A maneira como sairemos desta crise é tão importante quanto sair dela o mais rapidamente possível. Se o mundo capitalista não entender as lições que a crise encerra, se não quiser entender que a principal razão para este desastre planetário tem que ver com a falta de regras de conduta éticas nos negócios, mais tarde ou mais cedo tudo voltará ao mesmo, depois de os governos se terem endividado de forma impensável para tapar os buracos abertos por uma classe de gestores irresponsáveis e gananciosos. É preciso que as regras mudem radicalmente, que os culpados paguem e que todos fiquem com a certeza de que o crime não compensou nem compensará jamais. Sob pena de a explosão social das vítimas do crime se tornar fora de controlo, como já vai havendo indícios em França.

Interessa muito pouco a discussão jurídica sobre a retroactividade do imposto de 90% que o Congresso dos Estados Unidos criou ad hoc para fustigar os indecorosos prémios de gestão que os administradores da AIG resolveram atribuir-se. Interessa é que o supremo insulto de ver administradores que levaram uma firma à falência e destruíram milhares de postos de trabalho pegarem no dinheiro dos contribuintes americanos com que o Governo os socorreu para se outorgarem prémios de gestão, só porque estava no contrato, não pode ser tolerado. É por isso também que não é tolerável que o dr. Faria de Oliveira venha dizer que o fantástico acordo de dação em pagamento feito pela Caixa com o sr.
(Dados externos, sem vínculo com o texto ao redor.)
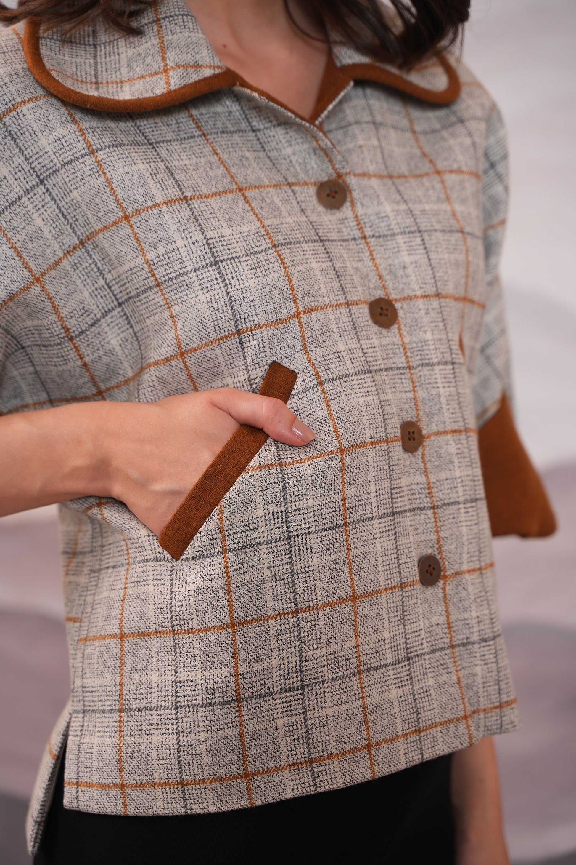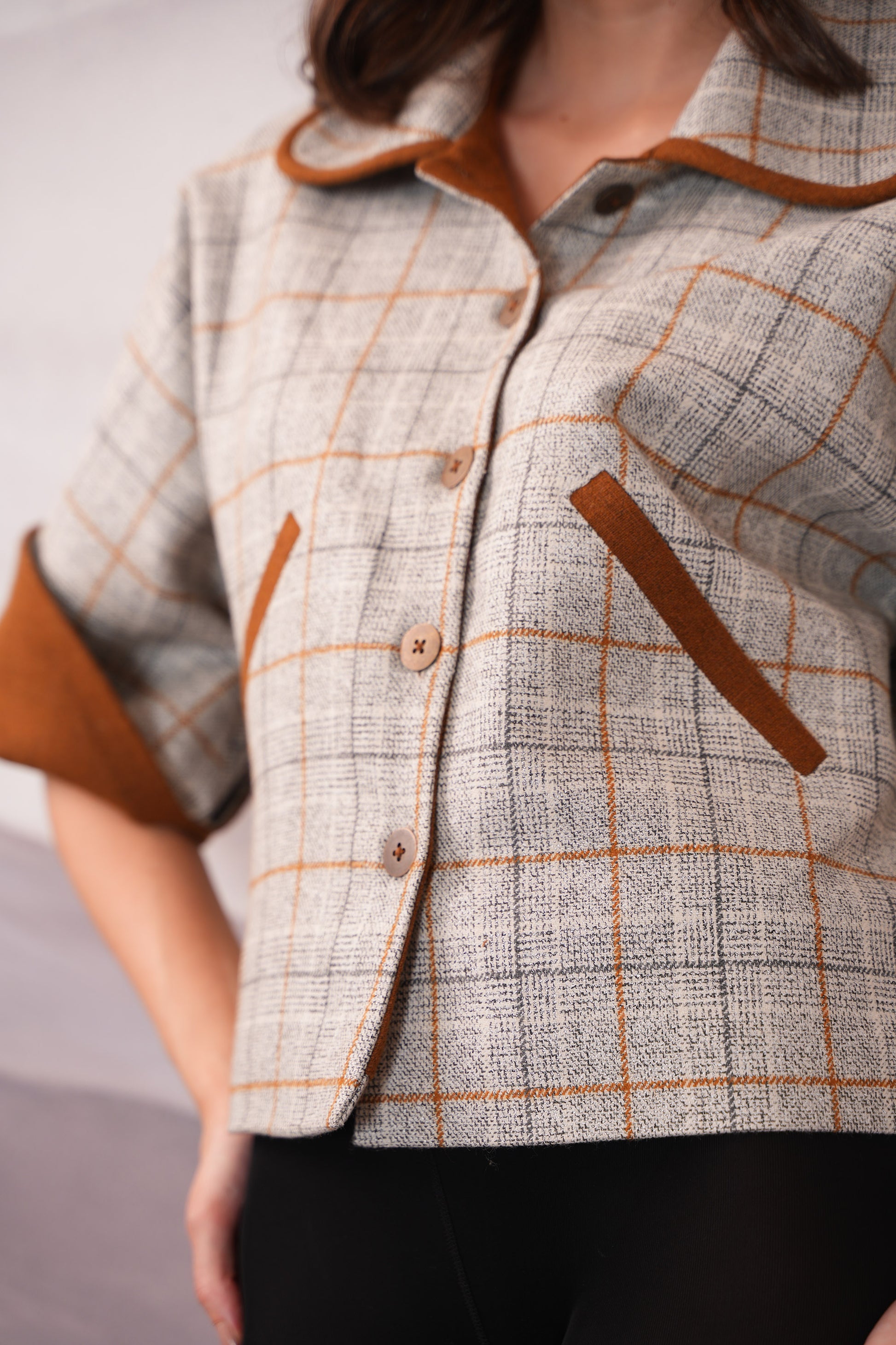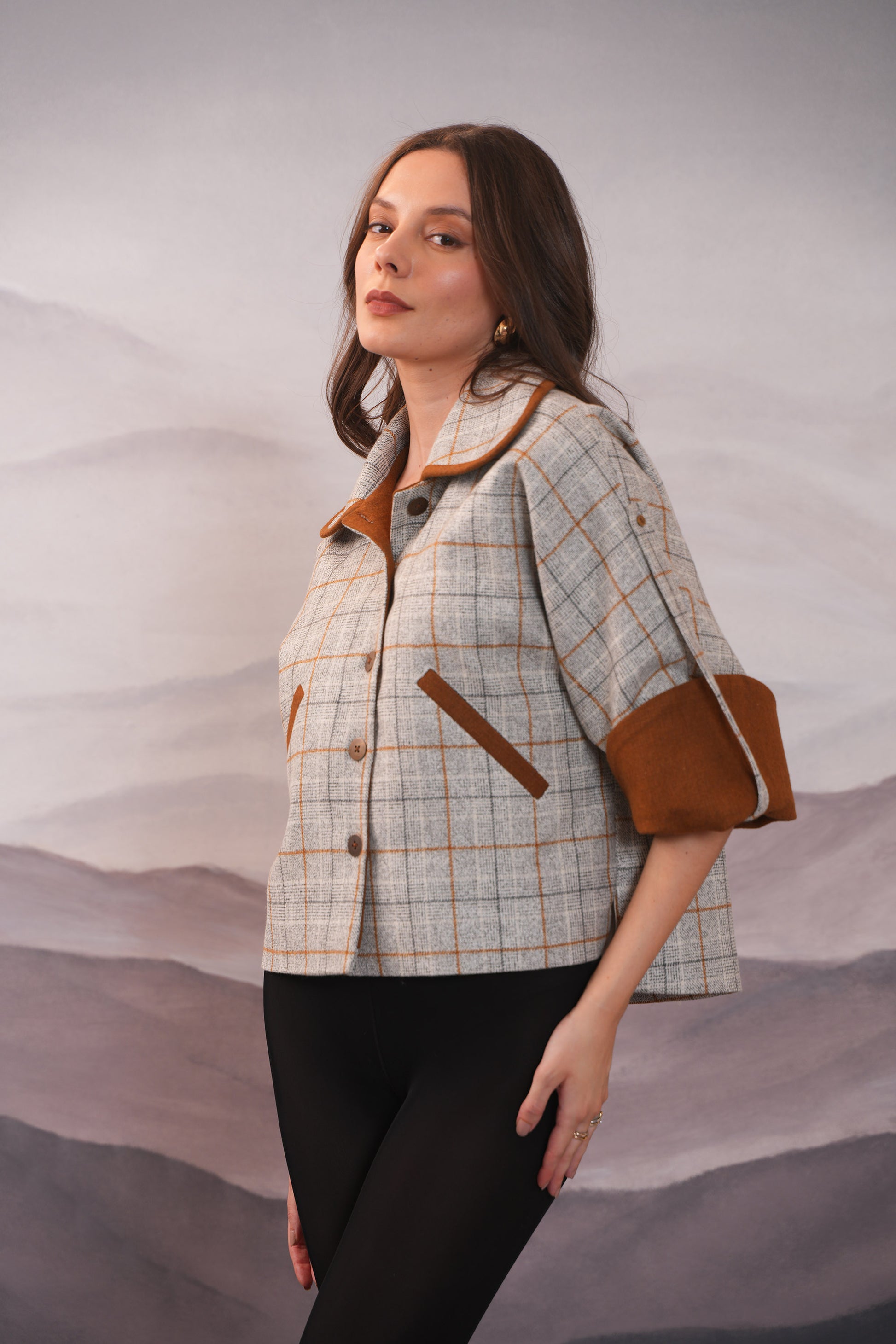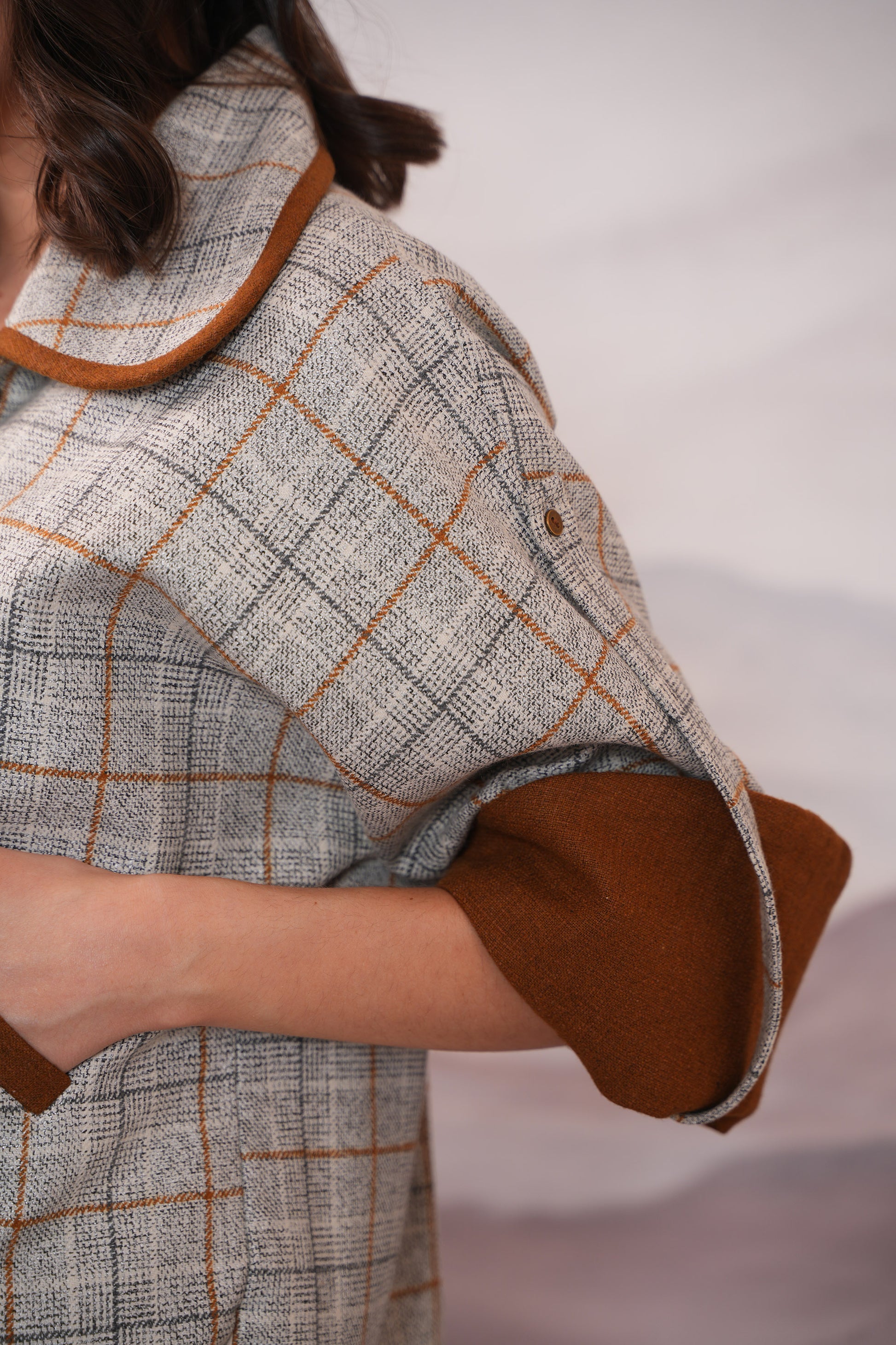 Expertly crafted from check wool fabric, the Kimono Jacket blends chic style with casual comfort. The mustard contrast detailing and metal button add a touch of sophistication, while the back gathers and round sleeves provide a stunning silhouette. Elevate your wardrobe with this must-have piece.

Manuel Fino se justifica como um “negócio bancário normal”. Talvez fosse infelizmente normal, mas deixou de ser aceitável que o banco do Estado arrisque milhões a financiar raides de especuladores bolsistas e que depois, quando as coisas correm mal, se descubra que não consegue cobrar os seus créditos e que nem sequer pode ir aos bens pessoais dos devedores (como sucede com todos nós), porque eles ou os têm em offshores ou em Fundações, para mais isentos de impostos. Acabar de vez com esse cancro das offshores – verdadeiro roubo legalizado às nações e instrumento fundamental da grande corrupção e lavagem de dinheiro criminoso, é a primeira das prioridades no pós-crise. Depois, se não querem enfrentar nas ruas a multidão de desempregados que todos os dias cresce, ensinem esses gestores de luxo a terem vergonha e decoro – já que culpa ou responsabilidade são noções que lhes são totalmente estranhas.

Regras de comportamento e de conduta ética severas, responsabilização dos prevaricadores, punição do capital especulativo que não cria riqueza nem paga imposto, são as primeiras consequências a extrair no mundo que amanhã terá de nascer dos escombros deste. Mas é preciso também que a crise e o combate a ela sejam aproveitadas como uma oportunidade para mudar o paradigma de uma economia fundada no lucro imediato, na destruição dos recursos naturais, no consumo de energia sem limite, na poluição do planeta. Não se trata de salvar esta geração, mas de salvar o mundo para as gerações que se seguirão. Esse é o lado mais estimulante da mensagem política de Obama: a necessidade, não de salvar o que existia, mas de salvar a economia e mudar o que existia. E é aí, precisamente, que a estratégia de combate à crise do Governo de José Sócrates me deixa descrente e deprimido.

Aparentemente, Sócrates acredita poder sair da crise recorrendo às panaceias do costume e aos suspeitos do costume, os seus habituais companheiros nas viagens de Estado – entre os quais se incluem alguns dos maiores malfeitores da nossa economia. Se eles abrem a boca queixando-se da crise e reclamando apoios públicos – seja o sr. Amorim na cortiça ou a Mota-Engil nas obras públicas – o Governo apressa-se a despejar-lhes em cima TGV, aeroportos e auto-estradas, pontes e terminais de contentores, milhões e milhões a perder de vista, garantias de crédito, seguros de exportação e até o pagamento dos salários aos seus trabalhadores. Quem está próximo do poder, aproveita, como de costume; quem está longe, que se amanhe; e o grosso das pequenas empresas que aproveite as auto-estradas, as pontes e os viadutos para se pôr ao fresco.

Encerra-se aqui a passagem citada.